Zu Brahms’ Deutschem Requiem bauten sich gut 50 Choristen des Utopia Choir (Choreinstudierung Vitaly Polonsky) hinter dem Orchester auf. Fantastisch, wie ihre Blicke – trotz Notenmaterial – am Dirigenten hingen, langbögig musiziert wurde, die Textaussprache vorbildlich gelang. Ebenso leidenschaftlich, geradezu historisch informiert und vibratoarm das Utopia Orchestra; sie spannten in jedem Satz den Bogen vom Leid zur Freude, markierten Erschütterung, trösteten in verinnerlicht-meditativem Ton. Bewundernswert, wie in all den Getümmelpassagen zwischen überwundenem Todesstachel und Höllensieg die Kräfte noch bis zum finalen „Selig“ reichten.

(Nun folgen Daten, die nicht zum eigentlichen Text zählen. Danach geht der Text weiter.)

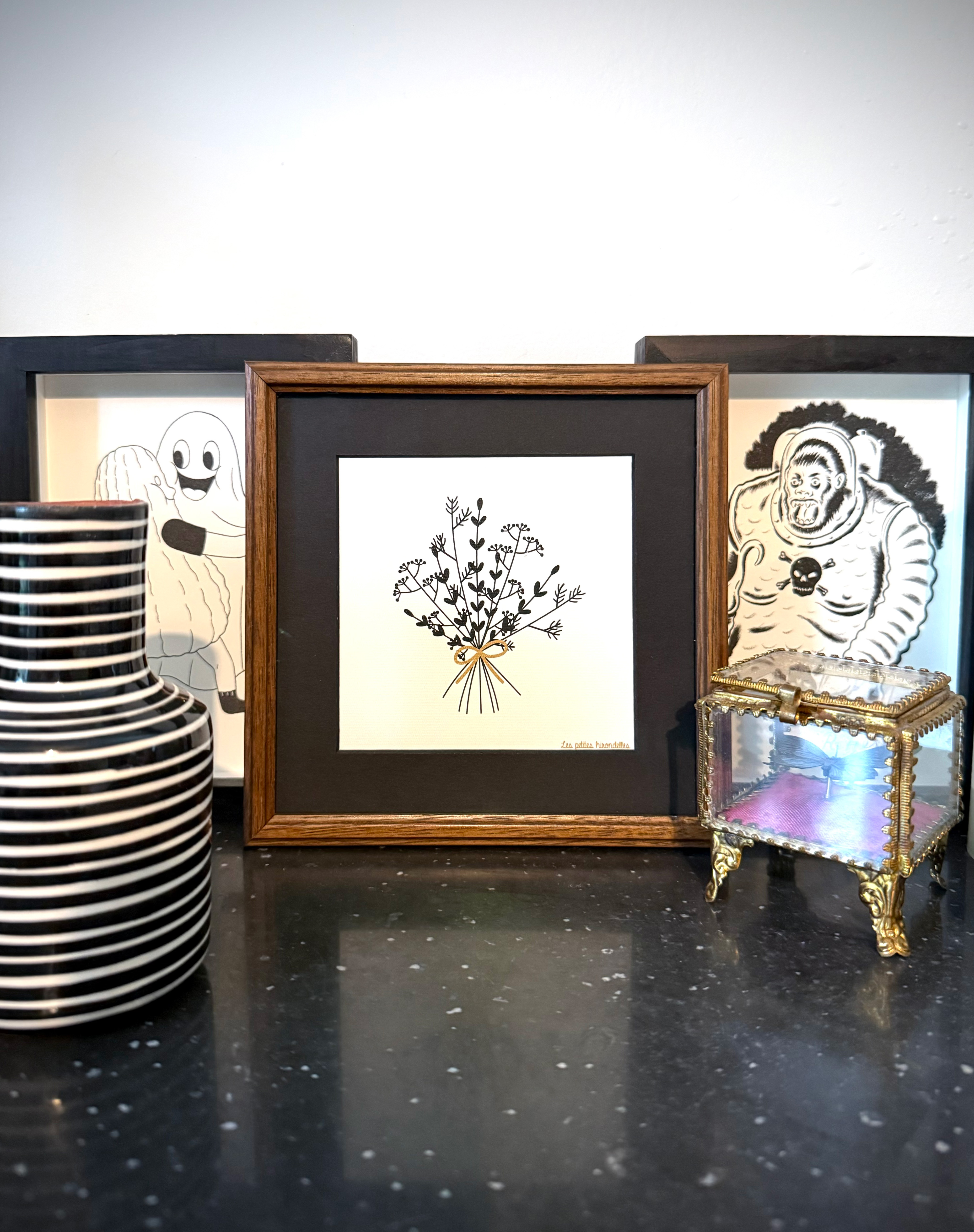 Passionné par les arts graphiques autour de la musique et du tatouage, je me suis rapidement intéressé à la revalorisation d’anciens cadres pour sublimer les art prints que je collectionnais depuis des années.

Mit Matthias Winckhler konnte man einen wissend reifen, ausgefeilt interpretierenden Baritonsolisten mit makelloser Diktion bewundern. Weit unter diesem Niveau blieb leider die Sopranistin Iveta Simonyan, die in der Höhe keine Leichtigkeit fand und bei konsonantenarmer Aussprache Jesajas Trost, wie von einer Mutter kommend, nur bedingt erfahrbar machen konnte. Dennoch ein zutiefst ergreifender Abend!